Zulip Chat Archive
Stream: maths
Topic: should this be dec_trivial?
Kevin Buzzard (Nov 18 2018 at 15:26):
example (n : ℕ) : n > 0 → n ≤ 6 → fact n < 3 ^ n := dec_trivial -- fails
I do 6 case splits and dec_trivial
seems to be able to handle the arithmetic, but I can't do it all in one go. I sometimes run into these. How is one supposed to diagnose what has happened and fix it?
Chris Hughes (Nov 18 2018 at 15:27):
Revert n, and put n \le 6
before 0<n
Kevin Buzzard (Nov 18 2018 at 15:28):
Thanks Chris.
Kevin Buzzard (Nov 18 2018 at 15:28):
I see, so forall n : nat, n <= X -> P n
works, and I just need to ensure I'm in this format.
Mario Carneiro (Nov 18 2018 at 15:58):
sigh... why the horrible case split proofs?

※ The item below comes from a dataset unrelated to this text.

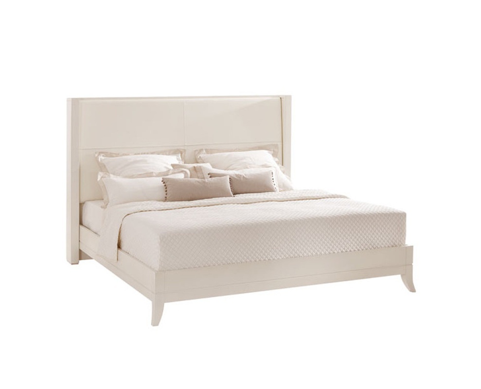 Double bed with high headboard Queen Downtown from the Italian manufacturer Selva. The model is made in American style. Bed frame made from solid beech. High headboard is soft, upholstered in textile or leather. Mattress sold separately. Colours and upholstery fabric in stock. There are different sizes.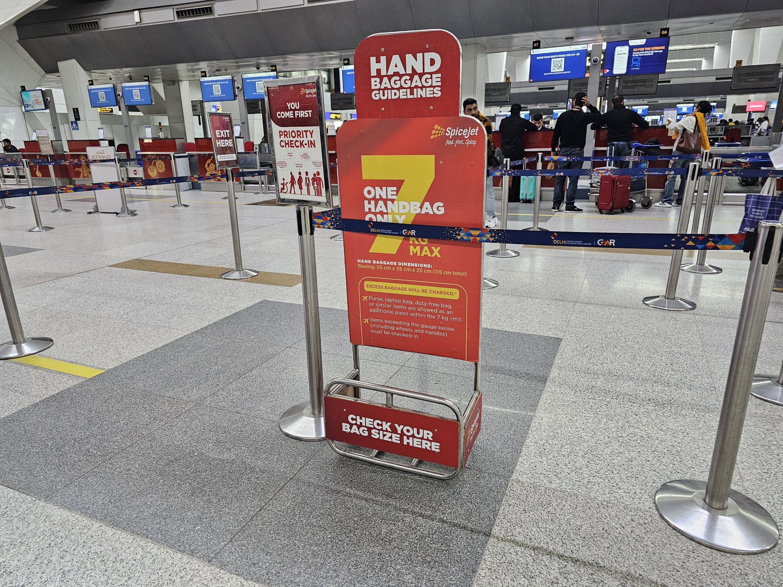 A SpiceJet permite, pelo menos, 1 mala registada até 15 kg (mais para alguns destinos) e uma mala de mão normal de 55 cm x 35 cm x 25 cm até 7 kg gratuitamente em todas as tarifas.

Mario Carneiro (Nov 18 2018 at 15:58):
you could reason it instead
Kevin Buzzard (Nov 18 2018 at 15:58):
I don't really know what you're saying
Kevin Buzzard (Nov 18 2018 at 15:59):
or even if you're talking to me
Kevin Buzzard (Nov 18 2018 at 15:59):
But my job is to solve the problems I set, in Lean
Mario Carneiro (Nov 18 2018 at 15:59):
if you had to prove that theorem by hand I am sure you wouldn't evaluate 6 factorials
Kevin Buzzard (Nov 18 2018 at 15:59):
and the problem is "for which positive integers n is n! < 3^n"

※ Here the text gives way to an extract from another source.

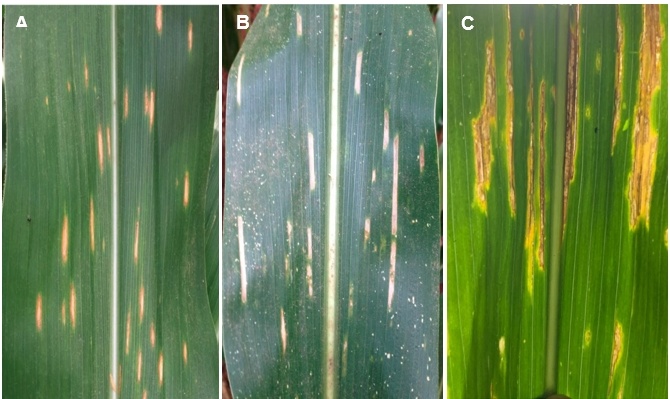 Figura 2. Diferença de sintomas de Mancha de Bipolaris (A), mancha de Cercospora (B) e Estria Bacteriana (C) (Fotos: Willian Zancan)

Mario Carneiro (Nov 18 2018 at 16:00):
you can prove that it's true for 5 and stop because monotonicity
Kevin Buzzard (Nov 18 2018 at 16:00):
ha ha
Kevin Buzzard (Nov 18 2018 at 16:00):
I'm not sure it's that easy
Kevin Buzzard (Nov 18 2018 at 16:00):
n! and 3^n are changing in different ways
Kevin Buzzard (Nov 18 2018 at 16:00):
and things get weird at n=3
Kevin Buzzard (Nov 18 2018 at 16:00):
I think I have to check all 6
Kevin Buzzard (Nov 18 2018 at 16:01):
dec_trivial times out for 7 :-/
Kevin Buzzard (Nov 18 2018 at 16:01):
(hence the norm_num approach, which was also troublesome -- see other thread)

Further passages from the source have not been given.